User data suggests we are asking ChatGPT and other generative AI bots ever more questions, related to our work and to our personal lives. But it turns out, according to the authors of a recent study published in Nature, ChatGPT not only "influence[s] users’ moral judgment," it "corrupts rather than improves its users’ moral judgment," in part by providing inconsistent moral advice. Just as many users now defer to Google Maps' judgment over their own, users of ChatGPT, according to the study, "readily follow moral advice from bots even if there are red flags warning them against it" and "underestimate how much they are influenced" by the bots. www.nature.com/articles/s41598-023-31341-0
In light of last weekend's Dutch election that brought Geert Wilders's right-wing, anti-immigrant Party for Freedom to power, it seemed useful to share this piece from Foreign Affairs earlier this year by Georgetown international affairs professor Charles King. King walks readers through an ascendant new political conservatism that is no longer rooted in expanding individual liberty -- reflected in Barry Goldwater's argument in 1960, "The Conservative looks upon politics as the art of achieving the maximum amount of freedom for individuals that is consistent with the maintenance of the social order" -- but is instead a weaving together "of religion, personal morality, national culture, and public policy" that considers the Enlightenment a "wrong turn" in governing principles. www.foreignaffairs.com/reviews/antiliberal-revolution
Previously in this space, I have mentioned Silicon Valley's embrace of "effective altruism" -- a particular, and somewhat extreme, variant of utilitarianism that featured prominently in the recent trial of crypto entrepreneur Sam Bankman-Fried -- but recently the buzz in Silicon Valley has been about Marc Andreessen's "techno-optimist manifesto." A co-founder of the early web browser Netscape, Andreessen has spent the last couple of decades as one of Silicon Valley's biggest venture capital players. His newest manifesto has been described as a mash-up of Nietzsche, libertarianism, and social Darwinism with a sprinkling of nuclear-powered science fiction. It advocates for turning up the accelerator on technological development -- to wit, "We believe in accelerationism – the conscious and deliberate propulsion of technological development.... We believe Artificial Intelligence is our alchemy, our Philosopher’s Stone – we are literally making sand think. ... We believe any deceleration of AI will cost lives. Deaths that were preventable by the AI that was prevented from existing is a form of murder. ... We believe the global population can quite easily expand to 50 billion people or more, and then far beyond that as we ultimately settle other planets. ... We believe in adventure. Undertaking the Hero’s Journey, rebelling against the status quo, mapping uncharted territory, conquering dragons, and bringing home the spoils for our community. ... Victim mentality is a curse in every domain of life, including in our relationship with technology – both unnecessary and self-defeating. We are not victims, we are conquerors." It concludes with a list of the enemies of techno-optimists, which specifically includes those who espouse "tech ethics." 👀 You can find the entire manifesto, and sundry critiques of it, online.

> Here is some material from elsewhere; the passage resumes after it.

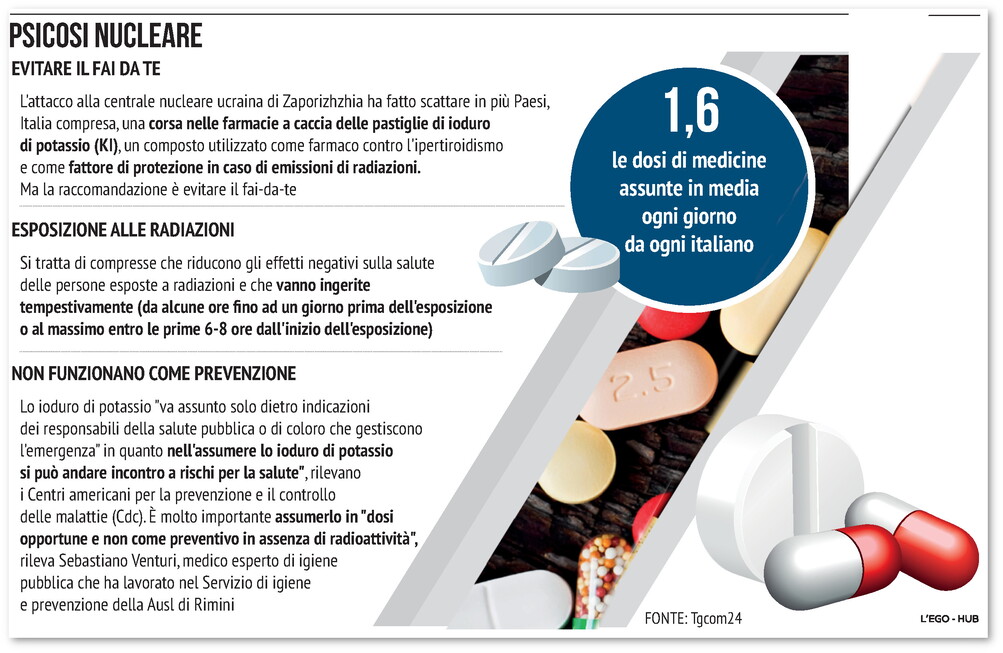 Le cronache danno conto di un’accresciuta richiesta delle pillole in diverse zone del Paese e la Protezione civile ed il ministero della Salute hanno attivato una ricognizione sulle riserve. Mentre gli esperti invitano ad evitare il fai-da-te: è molto importante assumerlo in «dosi opportune e non come preventivo in assenza di radioattività», avverte Sebastiano Venturi, medico esperto di igiene pubblica. Utilizzato in seguito all’incidente nella centrale di Chernobyl, nel 1986, è un sale di iodio stabile, ossia non radioattivo, in grado di bloccare l’assorbimento dello iodio radioattivo da parte della tiroide.

According to this article from MIT Technology Review, philosopher David Chalmers, famous for the "hard problem" of identifying the essence of consciousness, gives artificial intelligence better than one chance in five of developing consciousness in the next 10 years. "AI consciousness isn’t just a devilishly tricky intellectual puzzle; it’s a morally weighty problem with potentially dire consequences. Fail to identify a conscious AI, and you might unintentionally subjugate, or even torture, a being whose interests ought to matter. Mistake an unconscious AI for a conscious one, and you risk compromising human safety and happiness for the sake of an unthinking, unfeeling hunk of silicon and code. Both mistakes are easy to make. ... The cerebellum, a brain region at the base of the skull that resembles a fist-size tangle of angel-hair pasta, appears to play no role in conscious experience, though it is crucial for subconscious motor tasks like riding a bike; on the other hand, feedback connections—for example, connections running from the “higher,” cognitive regions of the brain to those involved in more basic sensory processing—seem essential to consciousness. (This, by the way, is one good reason to doubt the consciousness of LLMs: they lack substantial feedback connections.) ... Every expert has a preferred theory of consciousness, but none treats it as ideology—all of them are eternally alert to the possibility that they have backed the wrong horse. In the past five years, consciousness scientists have started working together on a series of “adversarial collaborations,” in which supporters of different theories come together to design neuroscience experiments that could help test them against each other. The researchers agree ahead of time on which patterns of results will support which theory. Then they run the experiments and see what happens. ... In effect, this strategy recognizes that the major theories of consciousness have some chance of turning out to be true—and so if more theories agree that an AI is conscious, it is more likely to actually be conscious. By the same token, a system that lacks all those markers can only be conscious if our current theories are very wrong."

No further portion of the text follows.